(Records contained in a dataset)
---

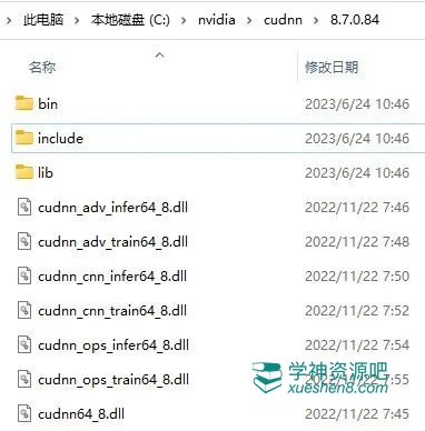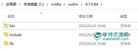 打开刚刚创建的cuDNN版本文件夹,即C:nvidia cudnn 8.7.0.84(根据你的选择进行命名)。
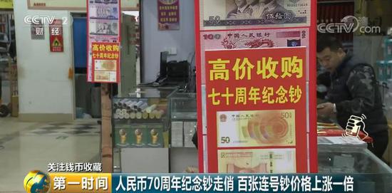 人民币70周年纪念钞走俏 百张连号钞上涨一倍
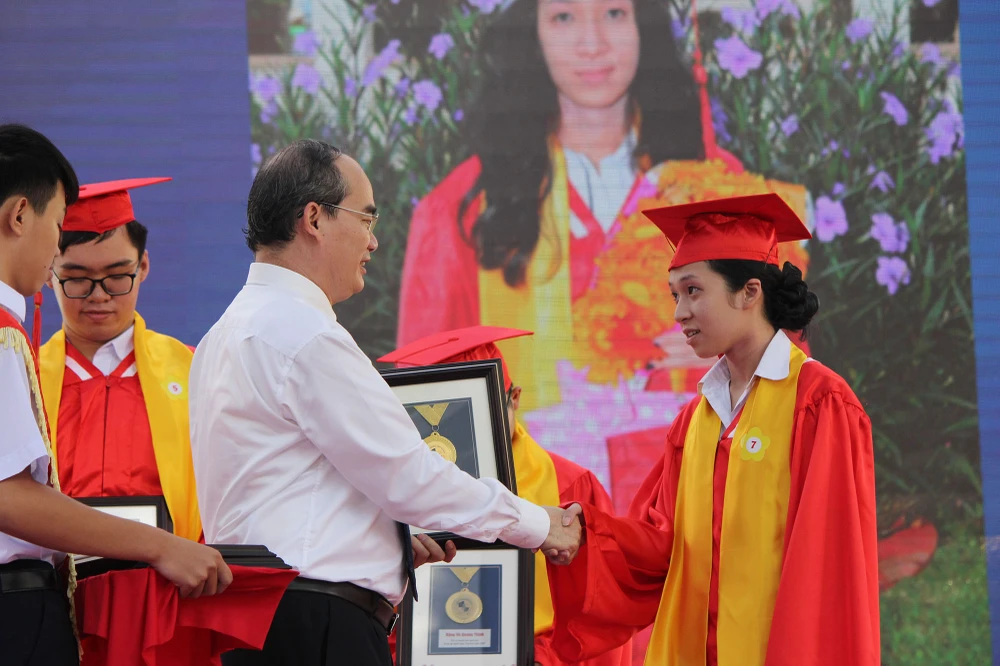 Bí thư Thành ủy TP HCM Nguyễn Thiện Nhân tặng bằng khen cho các em học sinh đạt thành tích cao trong các kỳ thi.
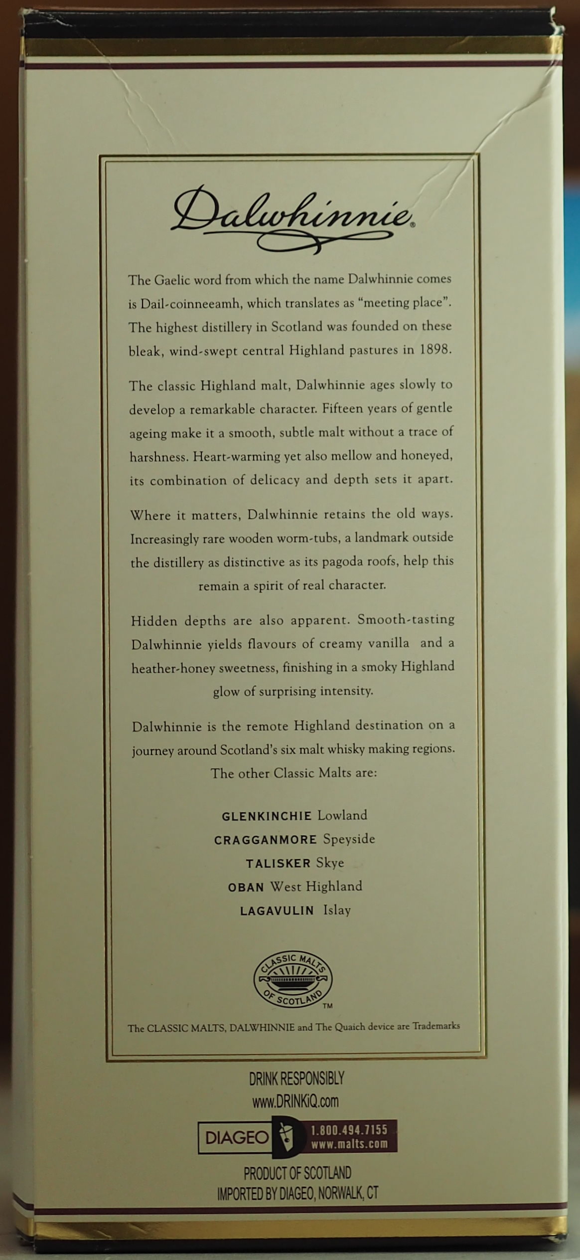 From a marketing perspective, Dalwhinnie 15 is an original inclusion in Diageo’s “Classic Malts” series. It is in good company, with Glenkinchie 12, Cragganmore 12, Oban 14, Talisker 10 and Lagavulin 16, covering the other regions (Lowland, Speyside, West Highland, Skye and Islay). The group was launched in 1988, though for background you’ll have to rely on Wikipedia or any of the many other whisky blogs out there—Diageo does not have a page on the group themselves, though their Bar Academy site mentions the collection.
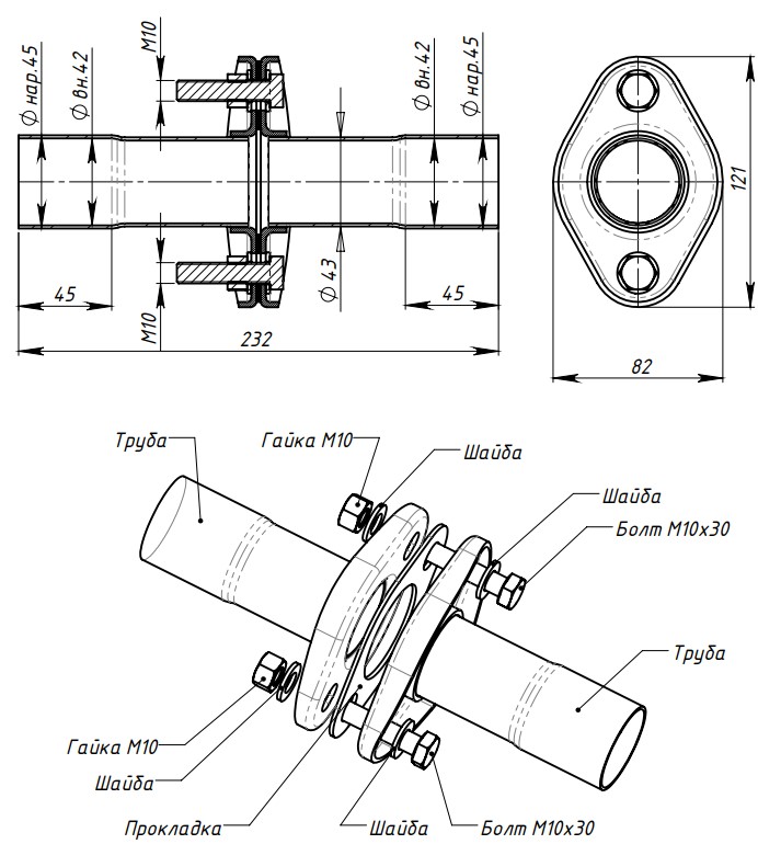 Соединение труб глушителя (комплект фланцев в сборе) FL-45 L=232мм (алюминизированная сталь)

---

Work instruction — Exactly the lines from the one containing "人民币70周年纪念钞走俏 百张连号钞上涨一倍" to the end of the records above, both end lines included, are to be printed, and no pictures with them.

Worked solution —
 人民币70周年纪念钞走俏 百张连号钞上涨一倍
 Bí thư Thành ủy TP HCM Nguyễn Thiện Nhân tặng bằng khen cho các em học sinh đạt thành tích cao trong các kỳ thi.
 From a marketing perspective, Dalwhinnie 15 is an original inclusion in Diageo’s “Classic Malts” series. It is in good company, with Glenkinchie 12, Cragganmore 12, Oban 14, Talisker 10 and Lagavulin 16, covering the other regions (Lowland, Speyside, West Highland, Skye and Islay). The group was launched in 1988, though for background you’ll have to rely on Wikipedia or any of the many other whisky blogs out there—Diageo does not have a page on the group themselves, though their Bar Academy site mentions the collection.
 Соединение труб глушителя (комплект фланцев в сборе) FL-45 L=232мм (алюминизированная сталь)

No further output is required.